Дождался. От дядьки Ротгара влетело, конечно, но этим дело не кончилось. Через день снова приехал южанин, но один. И комендант, вечером вызывая Сопляка на разговор, шипел:
— Ты что там натворил, чтоб тебя мотало?
Южанин не выглядел рассерженным. Он увел Сопляка из казармы, к длинной поваленной сосне, куда ребята обычно ходили курить. Сейчас там никого не было — поздно, все, кто не на службе, уже по койкам…
Южанин вытащил дорогой портсигар, протянул.
— Возьми, солдат. Не век тебе Ротгаровой дрянью травиться…
— Спасибо, вашродие…
— Дядько Ротгар небось вас тоже за выпивкой гоняет?
— Никак нет, вашродие. Комендант Ротгар очень строгий и никогда не нарушает устав.
— Ладно лапшу на уши вешать, — отмахнулся южанин. — Я ж сам под ним служил когда-то, вон Ревгвенн брали… Хороший он мужик, так-то…
Сопляк молчал. Не его дело — начальство судить. Тут уж судьи всегда найдутся.
— Тебя как звать? По-настоящему?
— Шон, вашродие. Из Байлеглас.
И опять вырвалось это «г» впридышку, как он ни пытался от него избавиться.
— Из Зеленграда, — мягко поправил южанин.
— Извиняюсь. Из Зеленграда. Конечно.
— Из самых холмов, получается…
Сопляк не стал возражать.
— А я и сам с гор, — сказал Реваз и поднял лицо к луне. — Только наши вершины вашим холмикам не чета, не в обиду будь сказано. Если наших гор не видел — ничего, считай, не видел… — он на минуту замолчал. — И не уезжал бы никогда, да видишь, куда по службе занесло… Сидим вот теперь в этом вереске, эльфов сторожим…
Ну вот и дошло, подумал Сопляк, сжимая на коленях мокрые руки. До эльфов.
— Говорят, ты тут с пленными в игры играть вздумал.

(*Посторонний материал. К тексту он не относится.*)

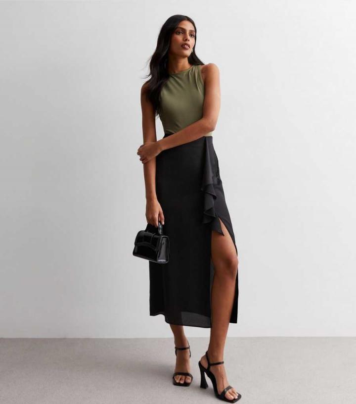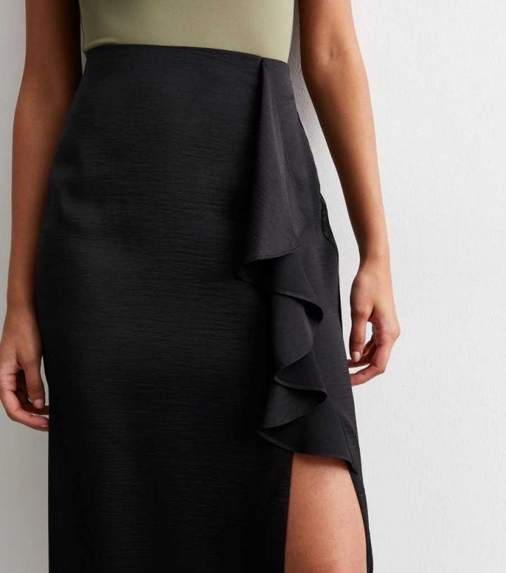 – High waist- Side ruffle detail- Split hem- Midi length- Soft satin fabric- Regular fit- Model is 5’8"/173cm and wears UK 10/EU 38/US 6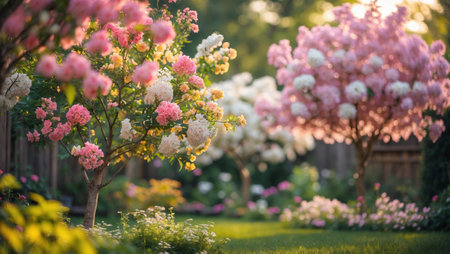 Blossoming garden filled with vibrant pink and white flowers during golden hour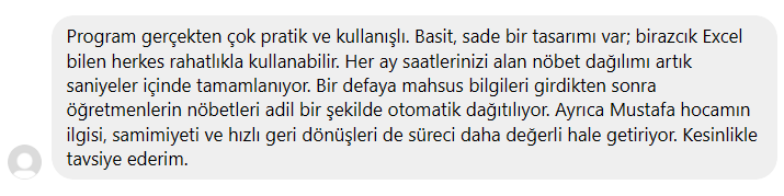 Şimdi sen de, Excel Öğretmen Nöbet Programı sayesinde zamanını geri kazanacak, adaletli dağıtım yaparak hem kendin hem de meslektaşların için huzur sağlayacaksın.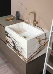 Dekker Zevenhuizen kan werkbladen en wasbakken voor badkamers uit één materiaal maken. Hierdoor krijgt het totaalontwerp een luxe en rustige uitstraling. De fabrikant biedt voor deze collectie hetzelfde assortiment materialen en kleuren aan die ook voor keukens gebruikt wordt.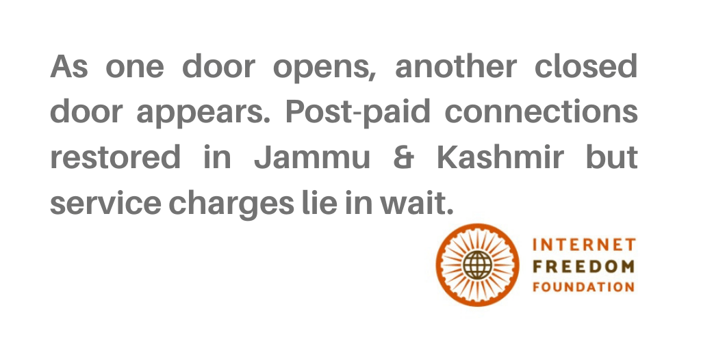 As per a press report in the Quint, the communication shutdowns in Kashmir was partially lifted providing postpaid users access to voice calls. However, while having regained access to voice calling facilities are required to clear payments for services over the last two months in order to make use of their services. We write to the DOT explaining why these charges must be waived.

— Это была ошибка. Это больше не повторится, вашродие.
— Эльфы попутали? — усмехнулся тот. — Что за игра?
Терять уже было нечего, так что Сопляк попытался объяснить:
— Это… это бисер, вашродие. Просто… узоры складывать. Детская игра-то, вроде чики. Только чика хуже, потому что на деньги. А это — так, время убить.
То ли от отчаяния осмелел, то ли бес потянул за язык:
— Вы же их все равно потом… на кудыкину гору.
Южанин загасил сигарету и повернулся; на лице его, высветленном луной, глаза были как черные провалы.
— Умный парень.
Сопляк промолчал.
— И добрый. Жалеешь их, да? Думаешь, эльфы — тоже люди…
Сопляк снова ничего не сказал. Кто ж виноват, что он так и думает. А язык завел его уже достаточно далеко.
— В этом и дело, — сказал Реваз, помолчав. — Для тебя они вот… тоже люди. А ты для них — не человек. То есть, — он засмеялся, — как раз человек. Чужой. Ладно бы, если враг…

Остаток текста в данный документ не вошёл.